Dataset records
^^^^^^^^
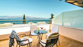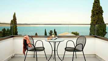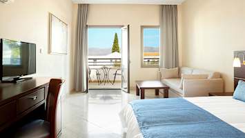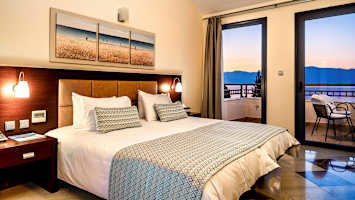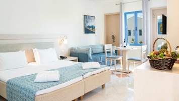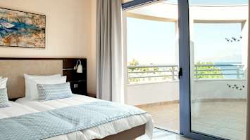 Porto Galini har lyse og trivelige rom med balkong, hvorav flere med utsikt mot havet.
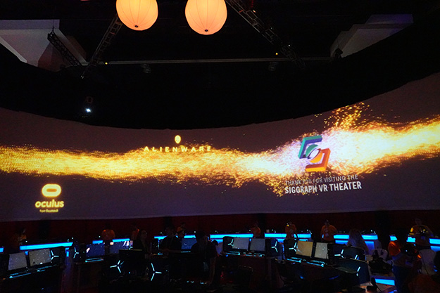 今年は例年以上にVRシアターの機材が強化され、1回の上映で約50人が同時に視聴できるOculusのVR-HMDとALIENWAREのハイエンドPC機材が用意されていた。SIGGRAPHの期間中、5日間で31回の上映が行われ、合計1,620人が視聴したとのことだ。
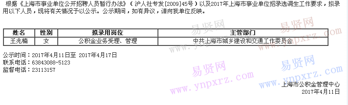2017年上海市公積金管理中心擬錄用人員公示
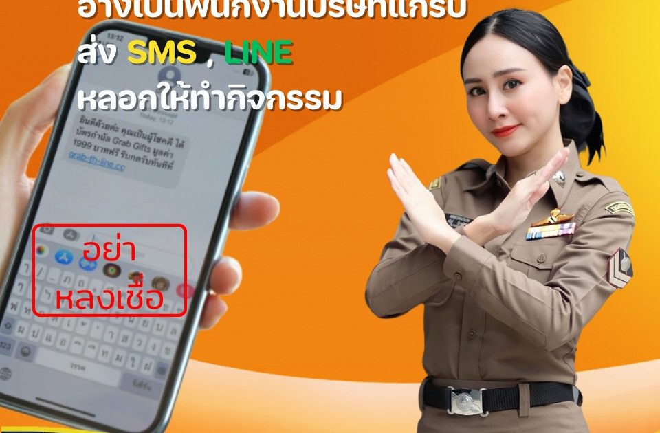 มิจฉาชีพแอบอ้างเป็นพนักงานของบริษัทแกร็บ โดยนำชื่อและโลโก้ของแกร็บไปใช้ติดต่อกับเหยื่อผ่านช่องทาง SMS และ Line chat
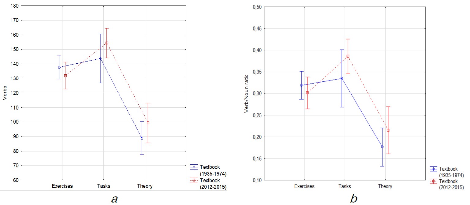 Figure 4. Verb usage patterns in textbook formants: a — number of verbs; b — narrativity (verb/noun)
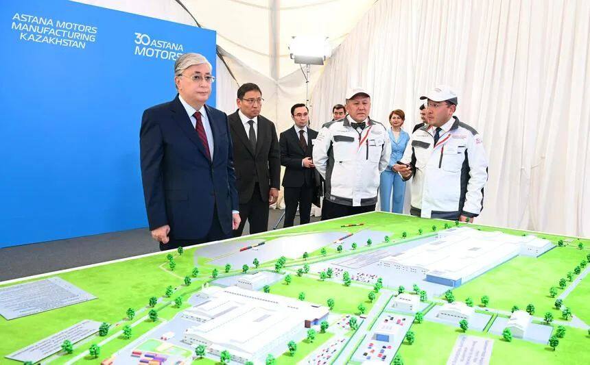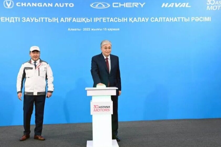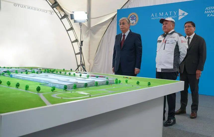 正在对阿拉木图市进行工作视察的托卡耶夫总统,2022年11月15日下午出席了长安、奇瑞和哈弗等汽车品牌制造厂奠基仪式。
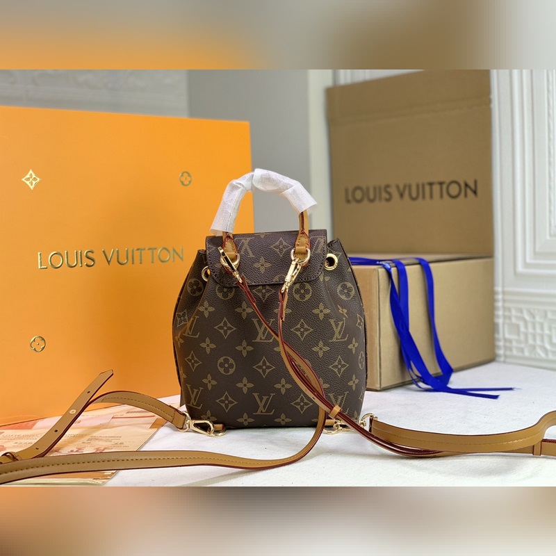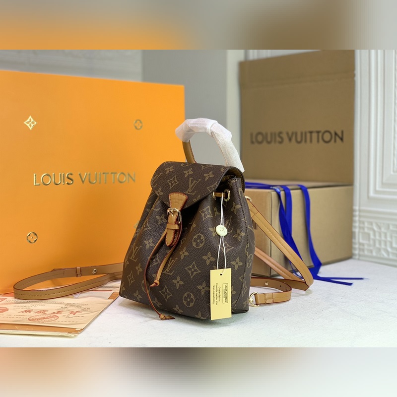 LV LV 미니 몽수리 BB 배낭 모델 번호: M45516 M45502 클래식한 모노그램 캔버스와 송아지 가죽 소재의 현대적이고 컴팩트한 디자인에 1994년 오리지널 디자인을 기반으로 한 버클과 가죽 끈이 더해졌습니다. 상단 손잡이와 탈부착 및 길이 조절이 가능한 가죽 어깨 스트랩으로 다양한 운반 옵션을 제공합니다. 크기: 17-20-10.5 cm 번호: GS9618680
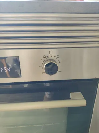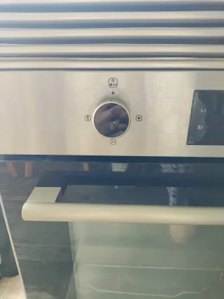 Horno de gas con acabado frontal en acero inoxidable y detalles en madera. - Panel de control con pantalla digital. - Puerta con cristal. - Diseño moderno. Tiene también para hacer pollos a l'ast. Sólo se ha usado un Año,lo cambiamos xq vamos a poner uno eléctrico. Tiene ventilador y para gratinar, encendido automático, tiene la manguera de gas reforzada.tiene modo gratinar superior. Ya está desmontado y limpio.
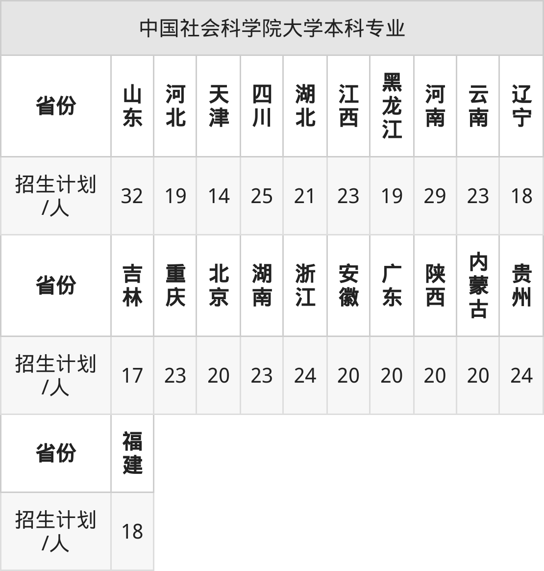 中国社会科学院大学面向辽宁(18人)、山东(32人)、重庆(23人)、天津(14人)、广东(20人)、四川(25人)、黑龙江(19人)等21个地区开展本科招生。其中河北招生批次为本科提前批B,四川、河南、内蒙古、陕西招生批次为本科一批,其余省份为本科批。
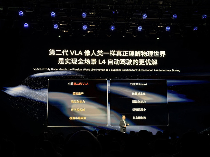据其介绍,搭载小鹏第二代VLA软件的Robotaxi已经通过第三方测试机构场地测试,即将开始公开道路测试。第二代VLA像人类一样真正理解物理世界,是实现全场景L4自动驾驶的更优解。对比行业Robotaxi,小鹏第二代VLA支持前装量产、强泛化能力,可不限区域运行,覆盖小路园区。
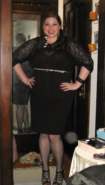 This outfit was perfect for the weather (which was gross and rainy and cold)! It was also easy to transition from day (as in office) to night. During the day, I wore a modest tank top under the sweater and plain black heels. To vavoom-it-up, I changed into a body suit and fishnets, and added my cage shoes from Nine West. The chunky black and white statement necklace and the zebra skinny belt added some pop to the outfit. Everyone kept saying that they loved my “dress,” so I guess it blended so well together that they couldn’t tell it was three separate pieces. 🙂
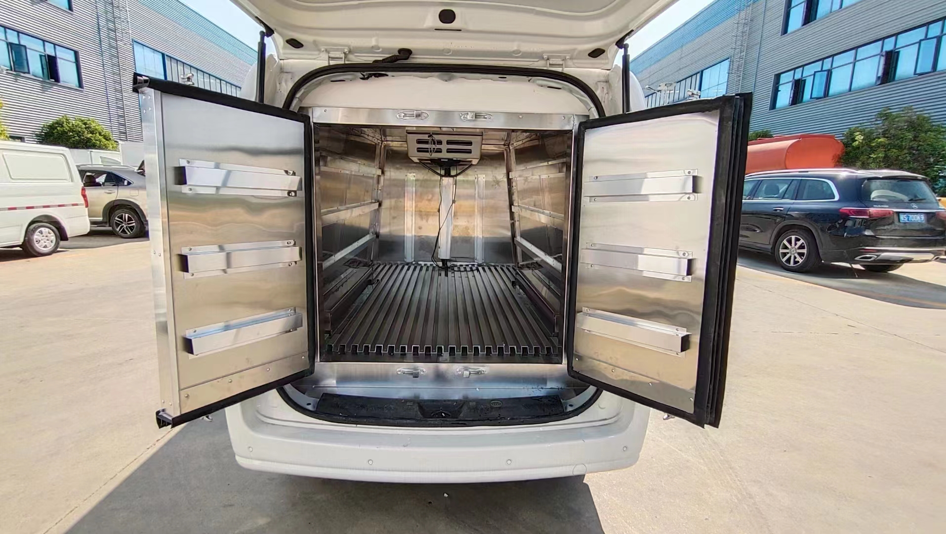 三、选装配置:可选装厢体侧门(单侧门或双开门),可选装铝合金导风槽(导风槽有助于冷气循环,提升制冷效果),可选装厢体顶部加固肉勾滑道(直滑道 或 对接互通式拐弯滑道)。可选装厢体内部采用全面不锈钢材质(海鲜运输必须加装,海水有腐蚀性),可选装280V-380V外接电源(停车熄火后可插电冷机继续制冷工作),可选装温湿度监控记录仪(带打印功能)。
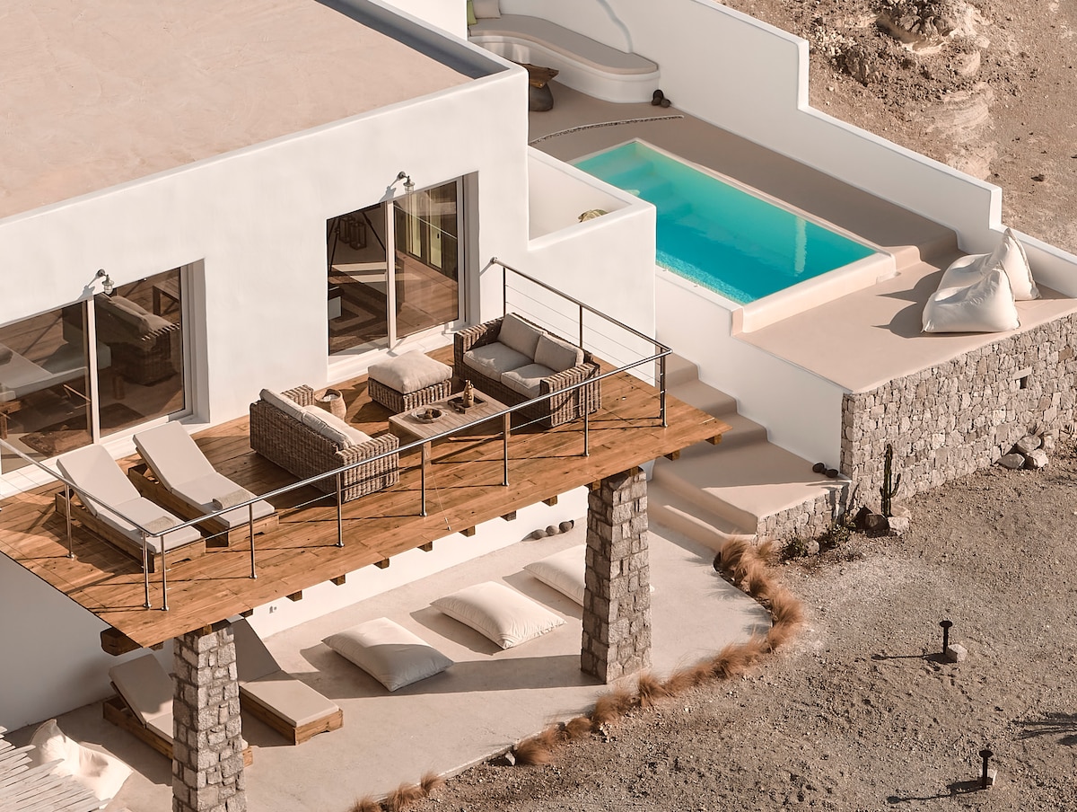 Na sielankowej greckiej wyspie Milos, w spokojnej okolicy Pachena, stoi wspaniała willa w stylu cykladyckim, która uosabia esencję śródziemnomorskiego luksusu. Ten wykwintny obiekt z widokiem na lśniące Morze Egejskie to arcydzieło wzornictwa, które oferuje spokojne schronienie dla osób szukających niezapomnianego wypoczynku.
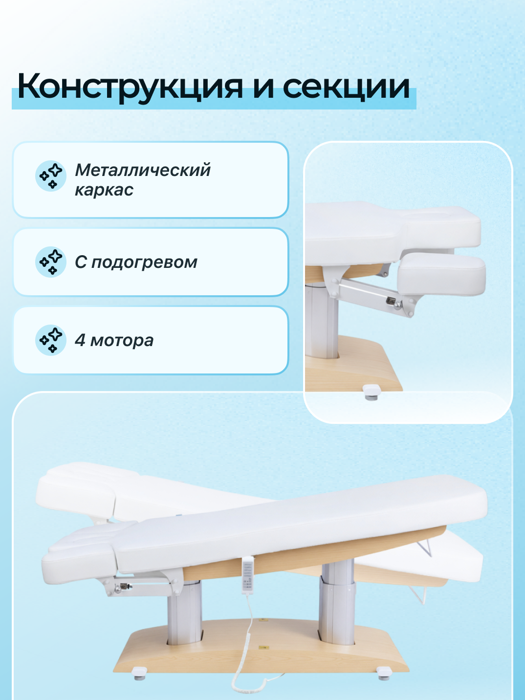 Стационарный стол Mizomed MZ 2259Н - это надежное и удобное оборудование, идеально подходящее для массажистов и косметологов. Он обладает рядом превосходных характеристик, которые обеспечат комфорт и эффективность во время процедур. ✨ Характеристики стола: - Подогрев ложемента. - Нагрузка до 200кг на подъем. - Премиум материалы: стол выполнен только из высококачественных материалов. - Регулировка высота, ног и спины: возможность настройки стола, чтобы соответствовать индивидуальным предпочтениям, потребностям специалиста и клиента. - Удобное покрытие: будучи мягким и комфортным, оно обеспечивает оптимальную поддержку и расслабление для клиента. - Широкая рабочая поверхность: достаточно места для проведения процедур различной сложности. - Простота в использовании: легкость в настройке и управлении, позволяющая сосредоточиться на работе с клиентом. - Подсветка создаст приятную рабочую атмосферу. Стационарный стол Mizomed MZ 2259Н поможет вам создать комфортную и профессиональную обстановку для ваших процедур. Будь то массаж, косметические процедуры или физиотерапия, этот стол обеспечит оптимальные условия для работы и отдыха клиентов. Обновите свой кабинет и обеспечьте клиентам высокий уровень комфорта с помощью Стационарного стола Mizomed MZ 2259Н от Mizomed!
^^^^^^^^
*How to complete this task:*
In the reply, give again exactly the lines from the beginning of the entries above through the line with "正在对阿拉木图市进行工作视察"; pictures stay out.

*Written answer:*
 Porto Galini har lyse og trivelige rom med balkong, hvorav flere med utsikt mot havet.
 今年は例年以上にVRシアターの機材が強化され、1回の上映で約50人が同時に視聴できるOculusのVR-HMDとALIENWAREのハイエンドPC機材が用意されていた。SIGGRAPHの期間中、5日間で31回の上映が行われ、合計1,620人が視聴したとのことだ。
2017年上海市公積金管理中心擬錄用人員公示
 มิจฉาชีพแอบอ้างเป็นพนักงานของบริษัทแกร็บ โดยนำชื่อและโลโก้ของแกร็บไปใช้ติดต่อกับเหยื่อผ่านช่องทาง SMS และ Line chat
 Figure 4. Verb usage patterns in textbook formants: a — number of verbs; b — narrativity (verb/noun)
 正在对阿拉木图市进行工作视察的托卡耶夫总统,2022年11月15日下午出席了长安、奇瑞和哈弗等汽车品牌制造厂奠基仪式。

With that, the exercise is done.